Позавтракав, немцы отвезли Тасю к Галине, а сами поехали на завод. С производством все складывалось удачно. Провели испытания на прочность изделий, и на территории завода уже складировались поддоны с готовой продукцией. Райнер готовил отчет, когда в кабинет вошел полковник Кенинг.

– Приветствую, майор! Решил вас навестить по пути в лагерь.

– Хайль Гитлер! Рад видеть вас, господин оберст! В лагерь с определенной целью, или как?

– Да, есть интерес. Вчера привезли русских военнопленных.

– Что ж такого в них интересного? Меня еще не проинформировали. А я сегодня туда не собирался.

– Это женщины. Не хотите проехать со мной? Или вас по-прежнему никто не интересует, кроме вашей русской? Она уже оклемалась после рук доктора Зеемана?
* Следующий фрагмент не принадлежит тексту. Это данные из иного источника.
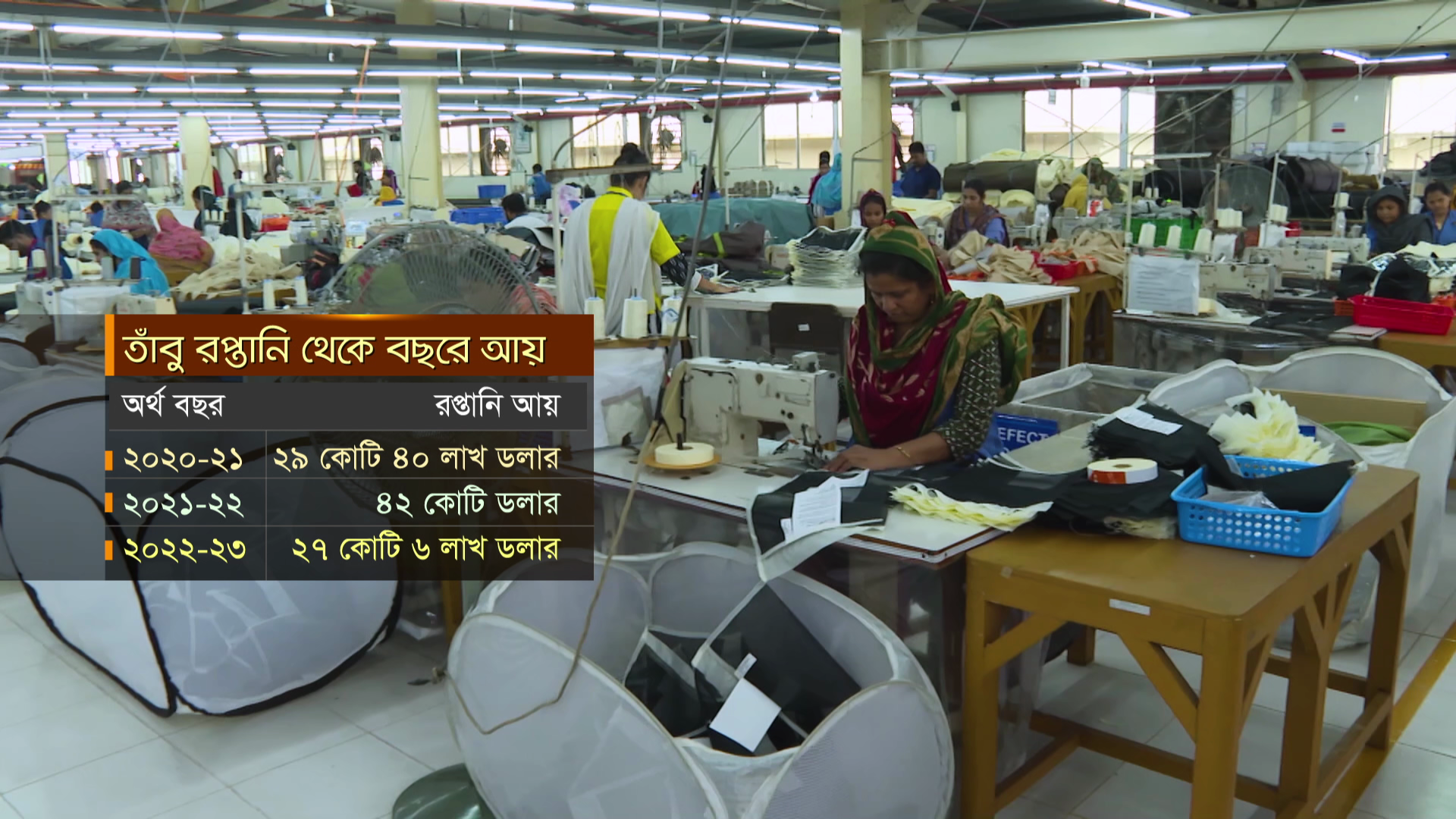 রপ্তানি উন্নয়ন ব্যুরোর হিসাবে, ২০২০-২১ অর্থবছরে বাংলাদেশ তাঁবু রপ্তানিতে আয় করে ২৯ কোটি ৪০ লাখ ডলার। ২০২১- ২২ অর্থবছরে আয় করে ৪২ কোটি মার্কিন ডলার। তবে ২০২২-২৩ অর্থবছরে যুদ্ধ ও মন্দায় তা কমে গিয়ে দাঁড়ায় ২৭ কোটি ৬ লাখ ডলারে।

– Спасибо. Она восстанавливается. В постели она меня устраивает. По крайней мере, пока, а там будет видно!

– Ладно, Райнер, не злись. Хоть она и русская, но чертовски красивая.

– А что за интерес к русским женщинам?

– В рейхе решили, что пустующее здание электромеханического завода напрасно застаивается, и есть планы использовать его под производство оружия, химического оружия. На днях приезжают специалисты, чтобы полностью оценить обстановку, и в случае положительного принятия решения не будут терять времени даром. Это вредное производство, на котором и будут трудиться русские фанатки фронта. Я хочу лично их увидеть. Возможно, парочку-другую я возьму в город для других целей. Кстати, а где ваша помощница?

– Она приболела, и я позволил ей несколько дней отлежаться дома.

– Райнер, с русскими надо быть строже. Они такие симулянты! Значит, вы не со мной?

– Нет, господин оберст. Я заеду туда вечером за новыми отчетами по лесозаготовке.

– Хорошо, Райнер. Завтра утром проведу небольшое совещание. Ваше присутствие обязательно.

– Как прикажете, господин оберст. Удачного вам дня.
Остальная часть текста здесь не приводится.